Tapi Taeyeon menekan bibirnya menjadi garis tipis dan dengan sedih menjelaskan, “Orang tuaku tidak ingin dia pindah. Juga, Jungkook ingin pergi ke perguruan tinggi seni, tapi ayahku tidak memilikinya.”.

Seokjin langsung mengerutkan alisnya, “Bukankah mereka mendukung? Saya belum pernah melihat mereka bertindak seperti itu.”, dia menyatakan dengan jujur ​​dan itu benar. Dia akan mengharapkan perilaku seperti ini dari keluarganya sendiri, tetapi jeons tidak pernah menjadi orang yang tidak ada untuk satu sama lain.

“Aku juga bingung.”, dia mengakui sambil bersandar pada bantal di belakangnya, “Aku juga mencoba berbicara dengan mereka tetapi mereka tidak akan mengetahui bahwa Jungkook adalah orang dewasa. Dia layak mendapatkan masa depan.”. Seokjin menunjukkan bahwa dia setuju dengannya hanya dengan menganggukkan kepalanya.

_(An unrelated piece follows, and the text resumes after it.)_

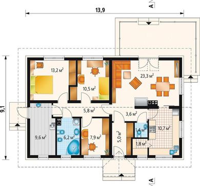 Стильне одноповерхова будівля з кабінетом 4M3594

“Mengapa kau tiba-tiba begitu tertarik pada kookie?”, tanya Taeyeon sambil menyeringai, rambutnya yang panjang jatuh ke depan saat dia bergeser untuk melihat wajah Seokjin lebih dekat. Ada pertanyaan tersembunyi di belakang dan Laki-laki itu tahu apa yang dia maksudkan.

Dia menghela nafas dan membutuhkan jarak di antara mereka. “Dia hanya salah satu muridku. Saya peduli dengan mereka semua.”. Tapi ketika Taeyeon tampaknya tidak mempercayainya, Seokjin dengan marah mengambil soda dan pergi ke kamarnya, di mana dia melemparkan dirinya ke tempat tidur saat pintu tertutup dengan sendirinya.

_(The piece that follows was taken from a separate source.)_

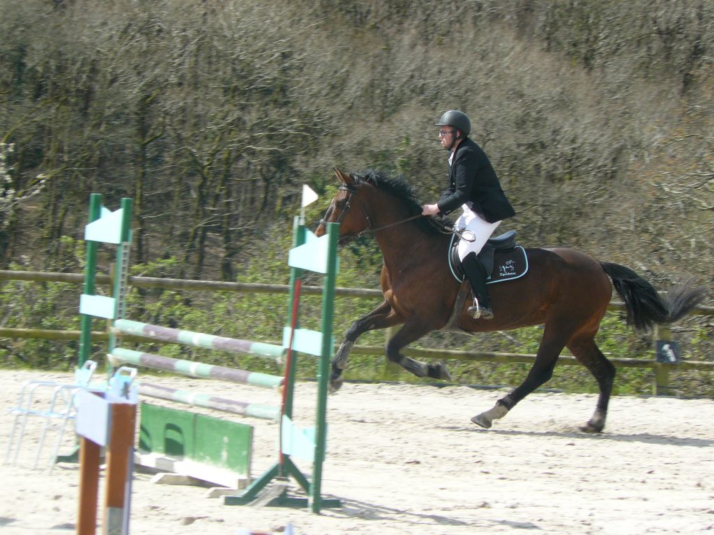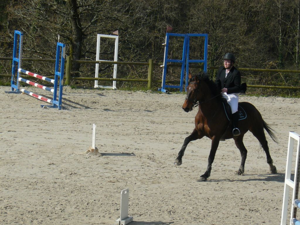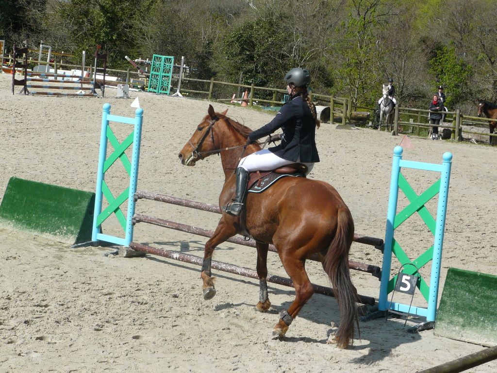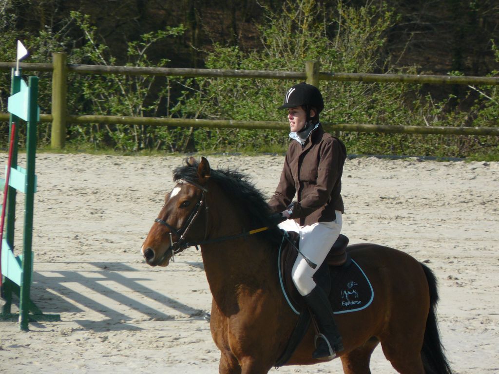 Enchaînement sur la prépa 75 avec Choé et Biblio, Maxime et Thaïs, Emilie et Biblio, et Sébastien et Cybelle ! 2 petites barres chacune pour Emilie et Chloé avec un Biblio pas très démonstratif dans ses sauts mais rappelons-le : 5 ans et 2ème concours.Quant à Maxime, bravo pour son sans faute et superbe tour de notre jeune Cybelle ( 4 ans et tout juste débourrée ) avec Sébastien ! Maxime et Zib terminent 1ers, Emilie et Chloé 5èmes sur 7 participants.

Mengapa Taeyeon tidak akan menerimanya? Dia tidak seperti itu lagi, itu hanya fase sebelum mereka bertemu. Tapi sesuatu memberi tahu Seokjin bahwa itu tidak benar dan tunangannya mengetahuinya, meski sudah lama bersama dengannya.

Dengan erangan lain, dia meraih laptopnya untuk memeriksa emailnya, ingin melihat apakah salah satu muridnya sudah menyelesaikan esai lebih awal. Yang mengejutkan, seseorang melakukannya dan ketika Seokjin membaca nama pengguna, dia tidak bisa menahan tawa.

Dari - MuscleBunny1997
Subjek - Esai
1 dokumen terlampir

Hei Jin,
aku punya waktu tersisa dan harus menyelesaikannya dengan cepat.
Ini esainya, ternyata sedikit lebih dari 2K.

Jungkook

Sangat lucu betapa santai dan polosnya anak laki-laki itu, dari apa yang paling sering diperhatikan Seokjin. Jungkook tidak suka banyak bicara dan dia pasti tidak perlu membuang waktunya untuk hal-hal yang tidak perlu. Profesor seharusnya tahu bahwa Jungkook akan menyelesaikannya dalam waktu singkat.

Sambil meraih kacamata di nakas samping tempat tidur, Seokjin sudah membuka dokumen itu dan mulai membaca. Gairah hampir terlalu terlihat di setiap kata yang ditinggalkan Jungkook dan di akhir esai, Seokjin bersandar di kepala ranjang sambil benar-benar takjub dengan apa yang dia baca. Itu adalah pertanyaan sederhana, namun Jungkook menjawabnya dengan cara yang paling menarik. Dia bisa menerbitkannya dan itu akan mencapai jutaan tampilan. Benar-benar menyia-nyiakan bakat, jujur.